**Data extract:**
--------------------------------------------------

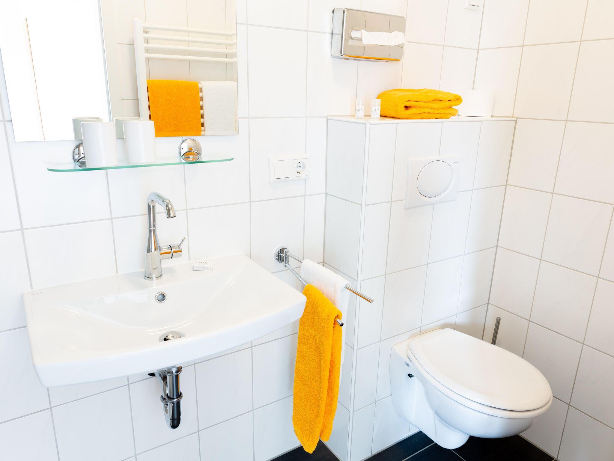 Das Badezimmer mit Dusche, WC, Fön und Pflegeartikeln rundet das Gesamtbild ab.
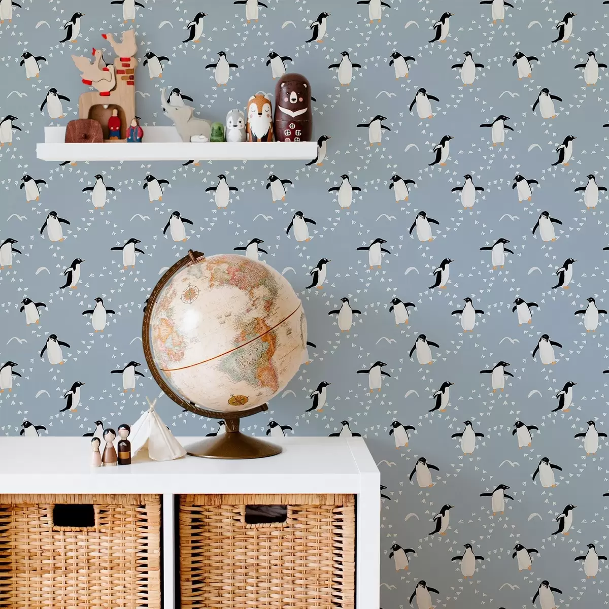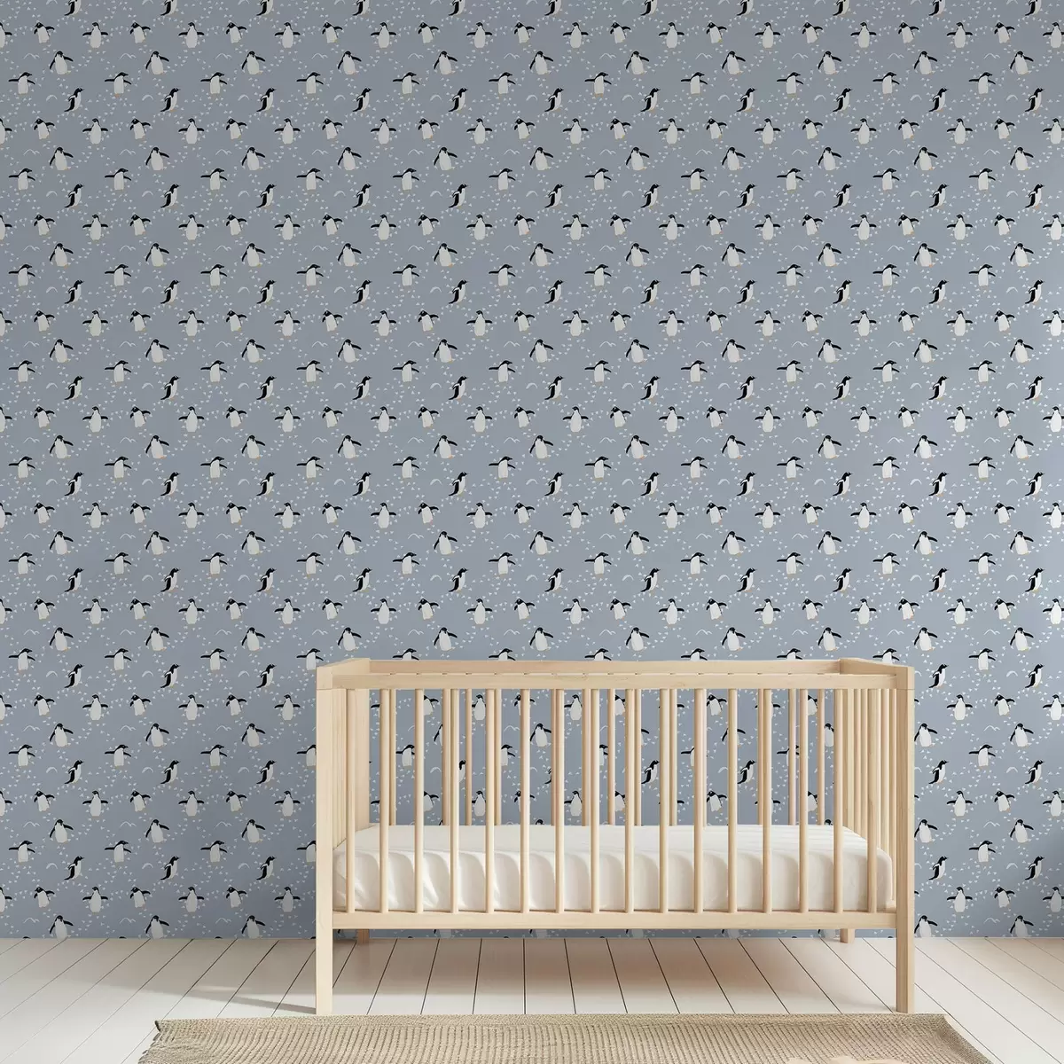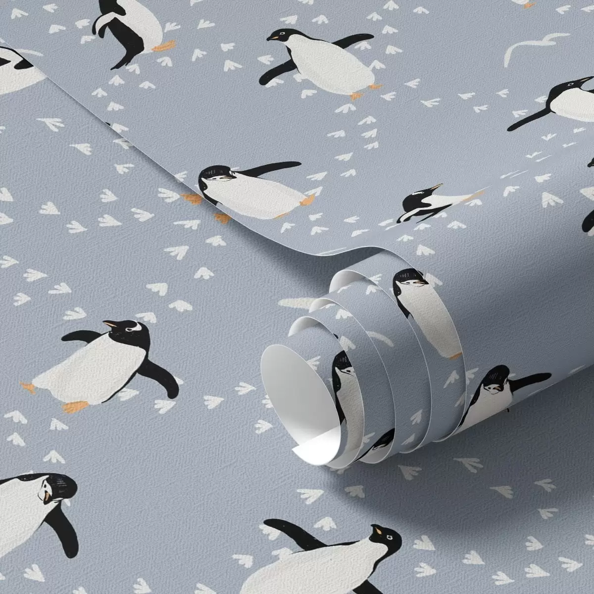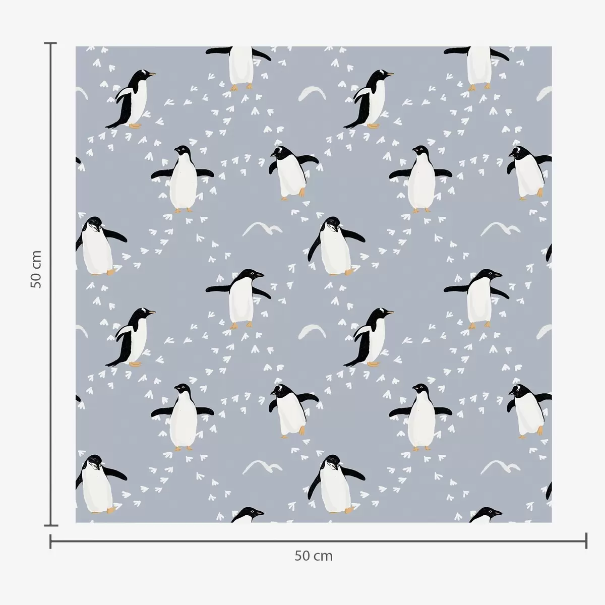 Tapet Pingviner på gråblå bakgrunn med fotavtrykk Nr. a00655
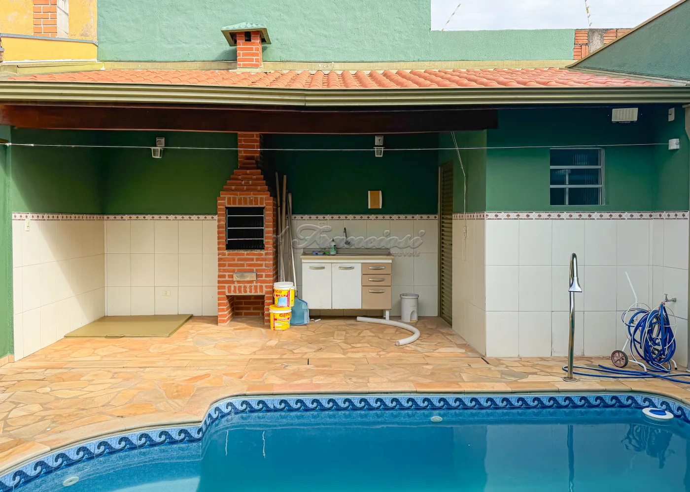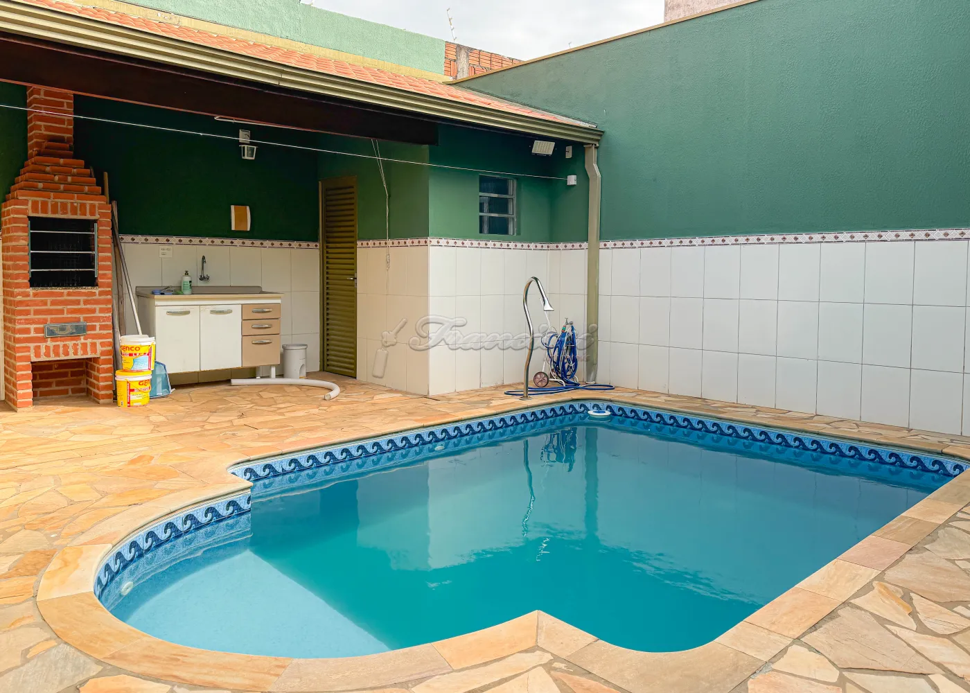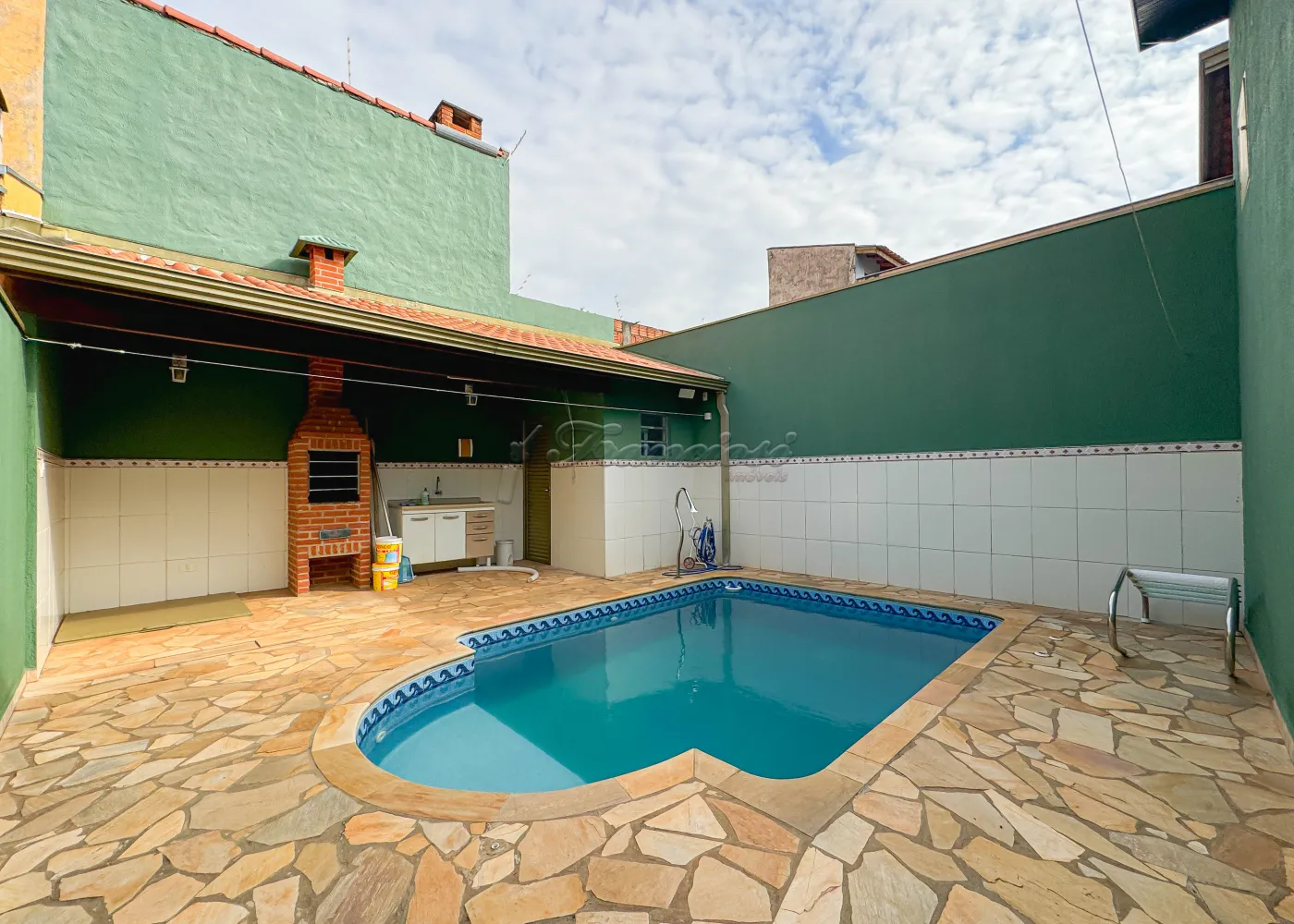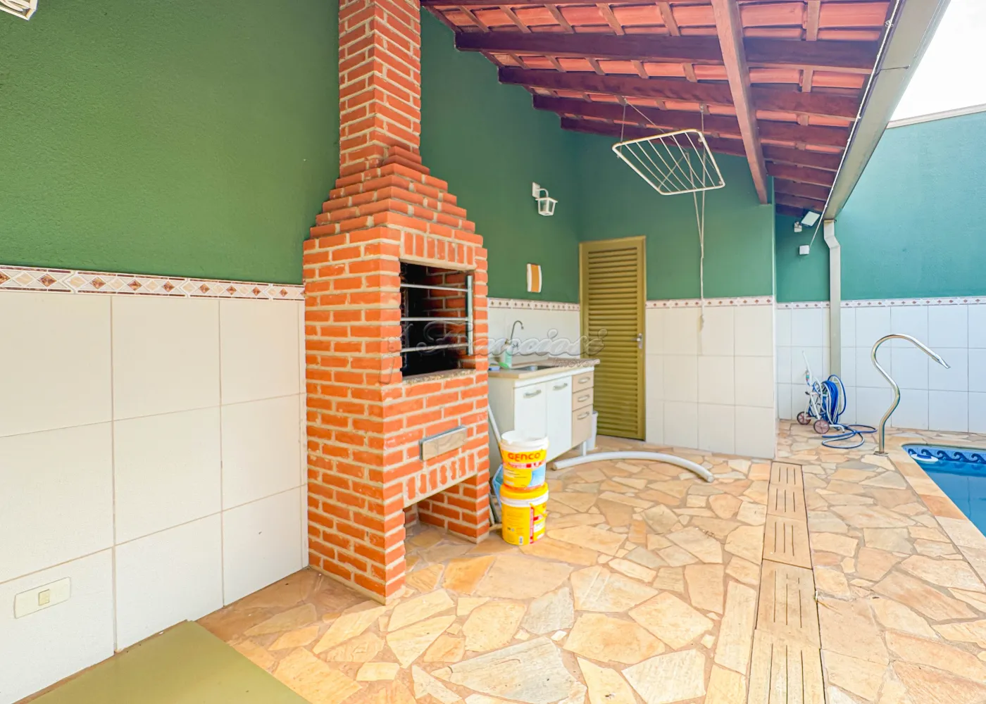 Casa com 3 dormitórios sendo 1 suíte, sala, cozinha, 1 banheiro social, edícula com churrasqueira, piscina, área de serviço e garagem para 1 carro.

--------------------------------------------------

**What is expected:** The required output is the span of lines from the line with "Tapet Pingviner på" through the final line of the listing above, reproduced exactly, minus the pictures.

**Exercise output:**
 Tapet Pingviner på gråblå bakgrunn med fotavtrykk Nr. a00655
 Casa com 3 dormitórios sendo 1 suíte, sala, cozinha, 1 banheiro social, edícula com churrasqueira, piscina, área de serviço e garagem para 1 carro.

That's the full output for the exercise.